> _EXERCISE DETAILS_
Repeat the span of the entries below that starts at the line with "原本格局餐廳和廚房擠在一起,采光和使用空" and ends at the line with "Two-story home offering", nothing more. Skip the pictures.

> _RECORDS SUPPLIED_
******

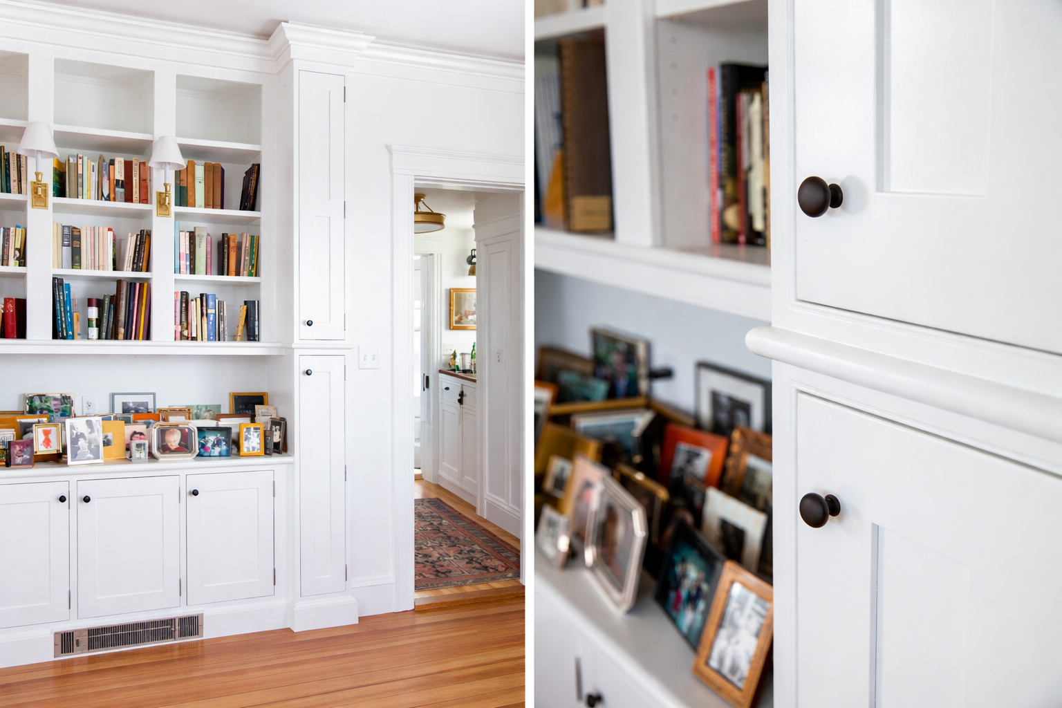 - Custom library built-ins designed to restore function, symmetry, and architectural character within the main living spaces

******

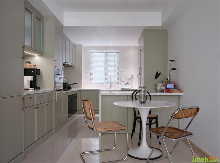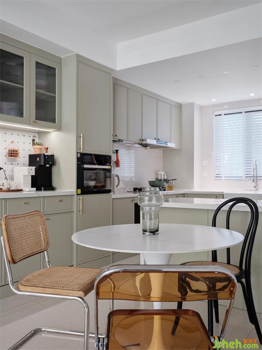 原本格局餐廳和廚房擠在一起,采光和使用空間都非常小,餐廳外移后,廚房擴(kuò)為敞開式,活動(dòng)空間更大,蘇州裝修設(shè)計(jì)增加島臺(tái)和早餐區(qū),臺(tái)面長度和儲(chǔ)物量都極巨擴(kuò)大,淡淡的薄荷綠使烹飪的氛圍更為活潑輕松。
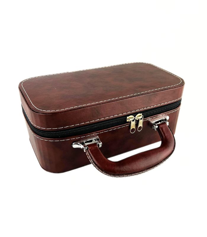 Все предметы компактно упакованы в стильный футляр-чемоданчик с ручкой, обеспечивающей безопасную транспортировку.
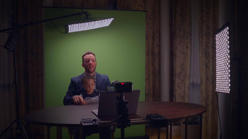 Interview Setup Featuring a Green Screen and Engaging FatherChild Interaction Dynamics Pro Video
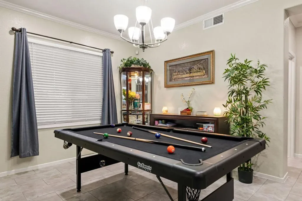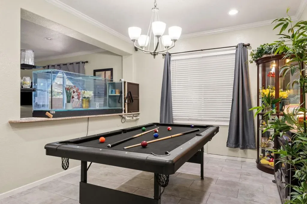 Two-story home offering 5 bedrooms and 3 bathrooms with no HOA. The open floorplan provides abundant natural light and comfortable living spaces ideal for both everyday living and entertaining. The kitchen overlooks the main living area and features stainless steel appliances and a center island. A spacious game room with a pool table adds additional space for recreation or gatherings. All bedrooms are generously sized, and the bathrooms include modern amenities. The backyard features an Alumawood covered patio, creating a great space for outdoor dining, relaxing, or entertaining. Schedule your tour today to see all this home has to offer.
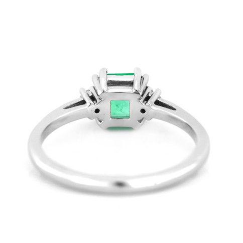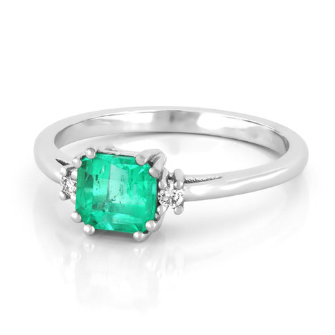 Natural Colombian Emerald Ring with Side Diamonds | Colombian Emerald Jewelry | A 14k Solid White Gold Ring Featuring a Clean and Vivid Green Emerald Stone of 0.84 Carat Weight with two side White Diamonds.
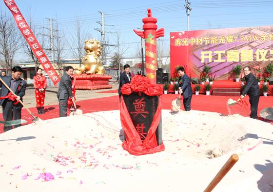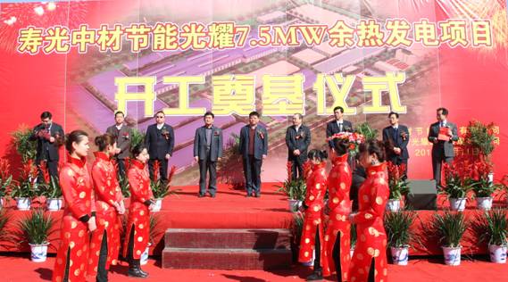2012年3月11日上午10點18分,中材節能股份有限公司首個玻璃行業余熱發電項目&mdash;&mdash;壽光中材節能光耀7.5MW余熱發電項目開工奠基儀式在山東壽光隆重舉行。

******

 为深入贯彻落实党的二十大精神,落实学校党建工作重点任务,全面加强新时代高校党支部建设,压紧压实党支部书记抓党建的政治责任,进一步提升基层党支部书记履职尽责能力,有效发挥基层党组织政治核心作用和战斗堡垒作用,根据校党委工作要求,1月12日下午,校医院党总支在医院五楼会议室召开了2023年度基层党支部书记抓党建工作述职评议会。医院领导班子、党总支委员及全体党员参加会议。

******

> _TASK RESPONSE_
 原本格局餐廳和廚房擠在一起,采光和使用空間都非常小,餐廳外移后,廚房擴(kuò)為敞開式,活動(dòng)空間更大,蘇州裝修設(shè)計(jì)增加島臺(tái)和早餐區(qū),臺(tái)面長度和儲(chǔ)物量都極巨擴(kuò)大,淡淡的薄荷綠使烹飪的氛圍更為活潑輕松。
 Все предметы компактно упакованы в стильный футляр-чемоданчик с ручкой, обеспечивающей безопасную транспортировку.
 Interview Setup Featuring a Green Screen and Engaging FatherChild Interaction Dynamics Pro Video
 Two-story home offering 5 bedrooms and 3 bathrooms with no HOA. The open floorplan provides abundant natural light and comfortable living spaces ideal for both everyday living and entertaining. The kitchen overlooks the main living area and features stainless steel appliances and a center island. A spacious game room with a pool table adds additional space for recreation or gatherings. All bedrooms are generously sized, and the bathrooms include modern amenities. The backyard features an Alumawood covered patio, creating a great space for outdoor dining, relaxing, or entertaining. Schedule your tour today to see all this home has to offer.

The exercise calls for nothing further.